W 1928 roku wybuchła wojna o władzę między dwiema najsilniejszymi organizacjami mafijnymi w Nowym Jorku, słynna "Castellammarese War". Wąsaty Pete z jednej strony i wpływowy Sal Maranzano z drugiej starali się wzajemnie wykończyć i uzyskać tytuł capo di tutti capi. W ciągu dwóch następnych lat w zamachach i strzelaninach ginęło codziennie wielu "żołnierzy", lecz końca tej jatki wciąż nie było widać. Luciano unikał konfliktu jak tylko mógł, dbał za to o utrzymanie dobrych stosunków z młodszymi gangsterami obu obozów. Wszyscy oni rozumieli, że przedłużający się rozlew krwi psuje interesy i ściąga niepotrzebną uwagę władz. Pozostawało mieć nadzieję, że szefowie zabiją jeden drugiego, czego młode wilki z całego serca im życzyły. Jednak starzy Sycylijczycy nie byli całkiem ślepi. Rosnący w siłę, ugodowy Luciano stawał się niewygodny dla zwaśnionych bossów.

Pewnego wieczoru wiosną 1929 roku trzech nieznanych sprawców wepchnęło Luciano siłą do samochodu. Wywieźli go w nieznane, pobili, poczęstowali nożem i sądząc, że jest martwy, wrzucili do rzeki. Wbrew przewidywaniom napadnięty gangster przeżył. Jako pamiątka po przygodzie została mu blizna na policzku, o której lubił później opowiadać anegdoty, demonicznie opadająca jedna powieka i ksywka "Lucky". Kiedy niedoszły nieboszczyk wylizywał się z ran, Meyer Lansky przeprowadził dyskretne rozpoznanie i dostarczył Lucky'emu nazwisko zleceniodawcy zamachu. Był nim jego własny padrone, Joe Masseria.

Wobec takiego obrotu sprawy Luciano postanowił nie czekać dłużej i na własną rękę rozstrzygnąć Castellammarese War. Umówił się ze swym bossem w restauracji na Coney Island, żeby omówić plany sprzątnięcia tego wstrętnego Maranzano. Panowie zasiedli przy zarezerwowanym stoliku, zdążyli zamówić napoje, po czym Luciano grzecznie przeprosił i oddalił się do toalety.

W tym momencie do lokalu wpadli uzbrojeni faceci: Bugsy Siegel i trzech ludzi Lucky'ego, dyskretnie kierowani przez Meyera.

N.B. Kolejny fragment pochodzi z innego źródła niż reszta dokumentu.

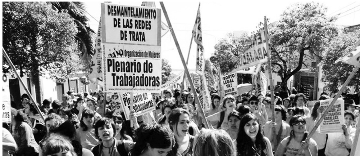
Vayamos a Misiones a convertir el Encuentro en una plataforma de debate y organización.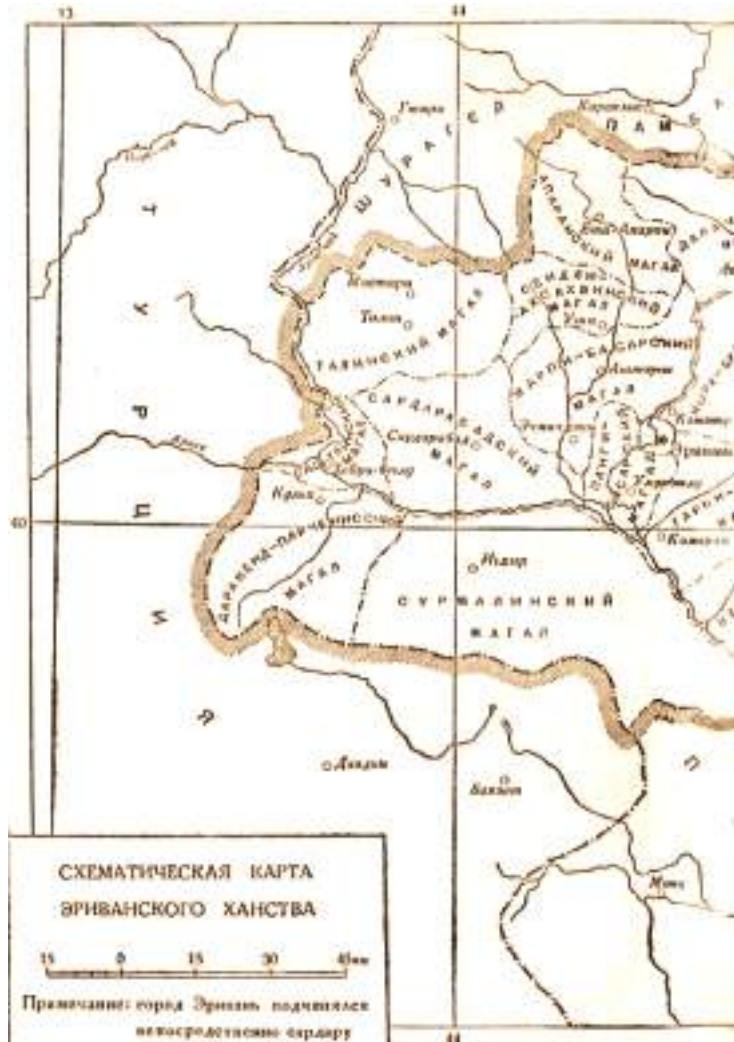
Xəritə.2. İrəvan xanlığının sxem-xəritəsi

Zastrzelili Wąsatego Pete'a i znikli, zanim ktokolwiek zdążył zareagować. Kiedy Luciano wrócił z toalety, było już po wszystkim, krew plamiła obrus, kobiety piszczały, a przybyła na miejsce policja nie miała kogo aresztować.

Na kłopot rewolwer

Sal Maranzano tryumfował. Z wdzięczności za usunięcie konkurenta uczynił Luciano swoim "Numerem drugim". Zebrał też wszystkich co ważniejszych gangsterów w mieście i mianował się "Szefem szefów", co w praktyce oznaczało, że pięć nowojorskich rodzin i pomniejsze grupy miały mu płacić procent od każdej operacji. Stopniowo starał się zresztą ograniczać działalność konkurencyjnych familii i promować własną, co w efekcie nie przysporzyło mu popularności.

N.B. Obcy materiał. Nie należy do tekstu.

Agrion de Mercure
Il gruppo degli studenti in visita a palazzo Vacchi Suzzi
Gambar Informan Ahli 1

Luciano cierpliwie znosił uszczuplenie swoich lukratywnych interesów i czekał na odpowiedni moment, wiedział bowiem coś, o czym Maranzano nie miał pojęcia - że większość kapitanów i bossów Sala złożyła już przysięgę lojalności jego "Numerowi drugiemu". Nieświadomy i upojony sukcesem "Szef szefów" snuł tymczasem ambitne plany. Nowy Jork już mu nie wystarczał, zamierzał zostać przywódcą mafijnych struktur w całych Stanach Zjednoczonych. Żeby tego dokonać, musiał pozbyć się jeszcze dwóch ludzi: Ala Capone

w Chicago i Lucky'ego Luciano w Nowym Jorku.

Szef wszystkich szefów

Maranzano zamierzał wezwać swojego zastępcę do biura na naradę. Uprzednio wynajął irlandzkiego rewolwerowca o wdzięcznym imieniu Mad Dog Coll, którego zadaniem miało być usunięcie Lucky'ego z tego padołu tuż po opuszczeniu budynku albo jeszcze wewnątrz. Tymczasem Luciano z wiernym Meyerem Lanskym przejrzeli intrygę i wykonali własny ruch.

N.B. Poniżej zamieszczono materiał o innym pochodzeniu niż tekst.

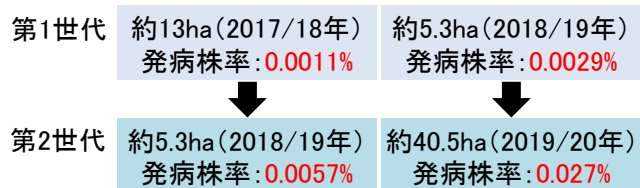
図3 健全種茎増殖実証試験の結果

"Numer dwa" na spotkanie z Salem w ogóle się nie stawił, natomiast tuż przed umówioną godziną do biura mafioza wkroczyło czterech gości podających się za urzędników skarbowych. Maranzano miał pewne kłopoty z uiszczaniem podatków, nikogo zatem ta wizyta nie zdziwiła. Co więcej, panów z teczkami od razu doprowadzono do gabinetu bossa. Tam panowie wyciągnęli z teczek spluwy i na oczach zaskoczonych ochroniarzy przenieśli ich szefa w stan wiecznego spoczynku. Wychodząc minęli się z Mad Dogiem, który błyskawicznie pojął, że zlecenie jest nieaktualne. Był rok 1931, Charles Luciano został capo di tutti capi, głową nowojorskiego świata przestępczego.

Czasy się zmieniły. Ach, gdzie się podziali piękni gangsterzy ze starych filmów? Ci eleganccy mordercy w kapeluszach i garniturach, romantyczni przemytnicy fetujący udane akcje szampanem w towarzystwie pięknych kobiet? Zamiast nich mamy dziś ogolonych na łyso dresiarzy obwieszonych łańcuchami i tlenione na blond cizie po solarium...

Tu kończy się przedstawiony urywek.